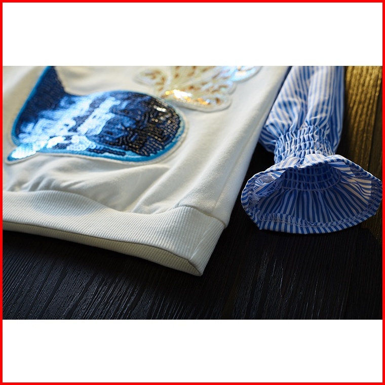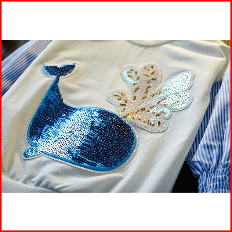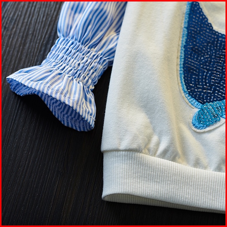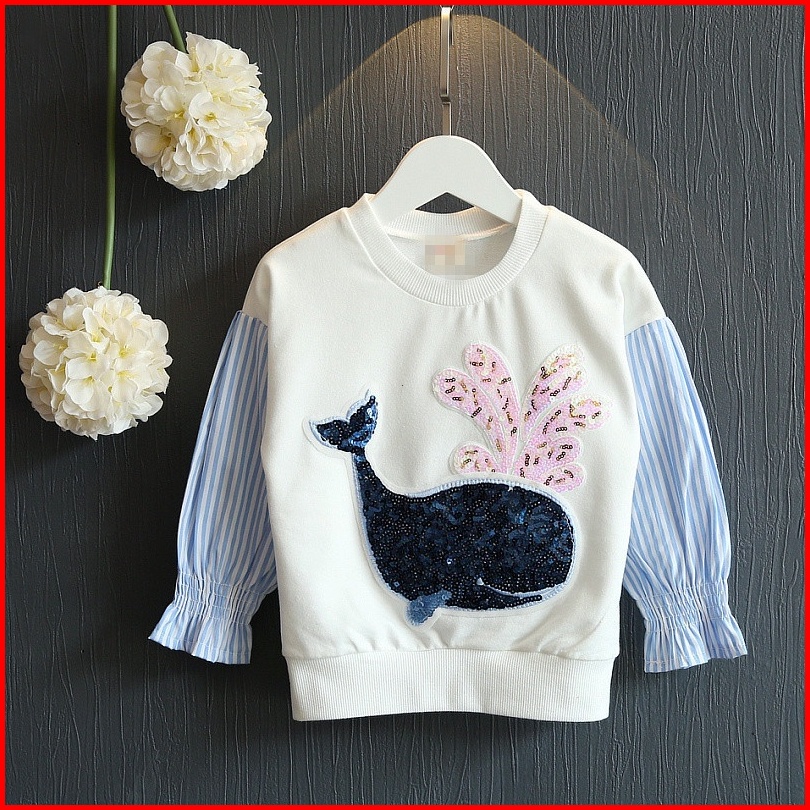 Stok Bersih Katun Kaos Blus Anak Cewek Perempuan 1-8t Sequins Kartun Bunga Baru Atasan Pakaian Lengan Kelelawar Panjang
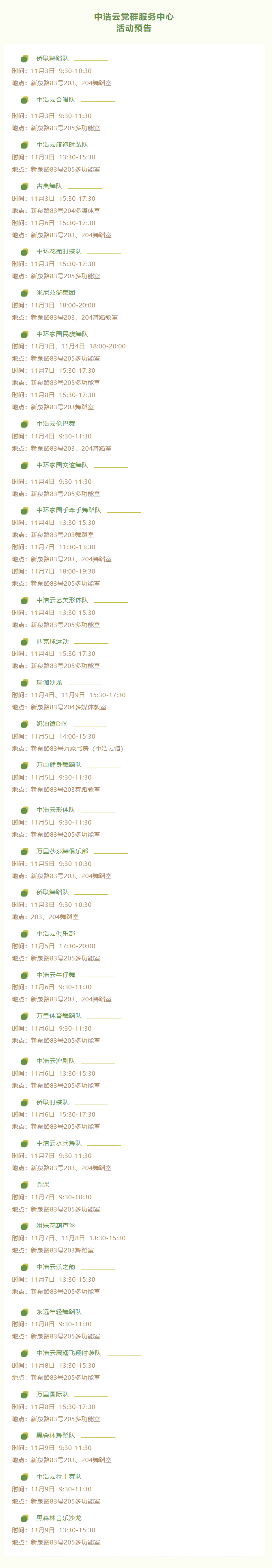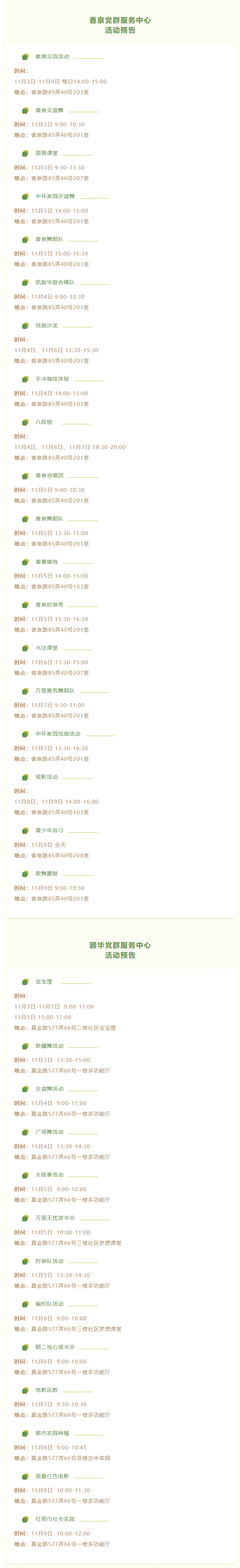 预告丨中浩云、香泉、颐华党群服务中心本周活动提前知道→
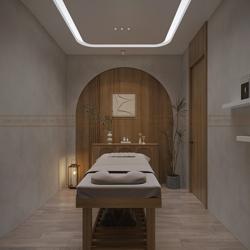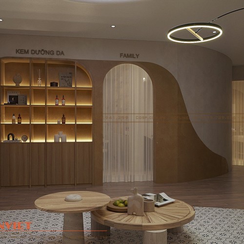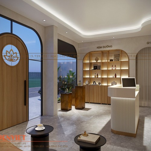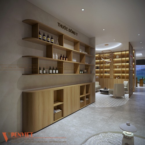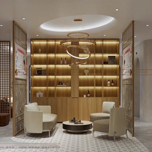 Ngoài ra, tại đây còn có dãy tủ trưng bày các dòng sản phẩm đông y chăm sóc sắc đẹp và sức khỏe. Hệ tủ thiết kế bo tròn đẹp mắt, có nhiều ngăn trưng bày giúp chủ spa có thể giới thiệu nhiều dòng sản phẩm khác nhau.
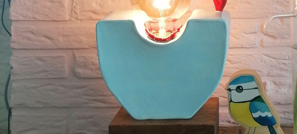 Groene lamp geïnspireerd door de oceaan, rode draad met schakelaar: €95.00 (exclusief verzendkosten) 20cm hoog
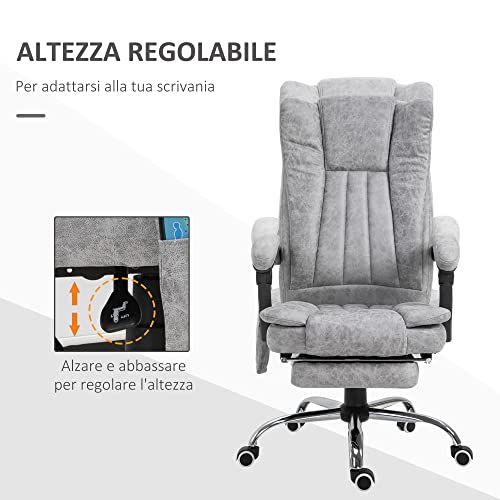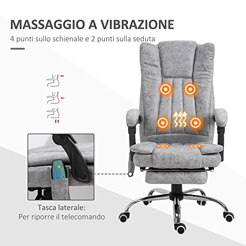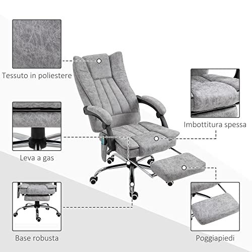 Vinsetto Poltrona da Ufficio Massaggiante Riscaldante, Altezza e Reclinazione Regolabili, Poggiapiedi Retrattile, 62x67x113-120cm, Grigio

_ _ _ _ _ _ _

Your instructions: Your answer must be an exact copy of every entry, with no pictures in it.

Exercise answer:
 Stok Bersih Katun Kaos Blus Anak Cewek Perempuan 1-8t Sequins Kartun Bunga Baru Atasan Pakaian Lengan Kelelawar Panjang
 预告丨中浩云、香泉、颐华党群服务中心本周活动提前知道→
 Ngoài ra, tại đây còn có dãy tủ trưng bày các dòng sản phẩm đông y chăm sóc sắc đẹp và sức khỏe. Hệ tủ thiết kế bo tròn đẹp mắt, có nhiều ngăn trưng bày giúp chủ spa có thể giới thiệu nhiều dòng sản phẩm khác nhau.
 Groene lamp geïnspireerd door de oceaan, rode draad met schakelaar: €95.00 (exclusief verzendkosten) 20cm hoog
 Vinsetto Poltrona da Ufficio Massaggiante Riscaldante, Altezza e Reclinazione Regolabili, Poggiapiedi Retrattile, 62x67x113-120cm, Grigio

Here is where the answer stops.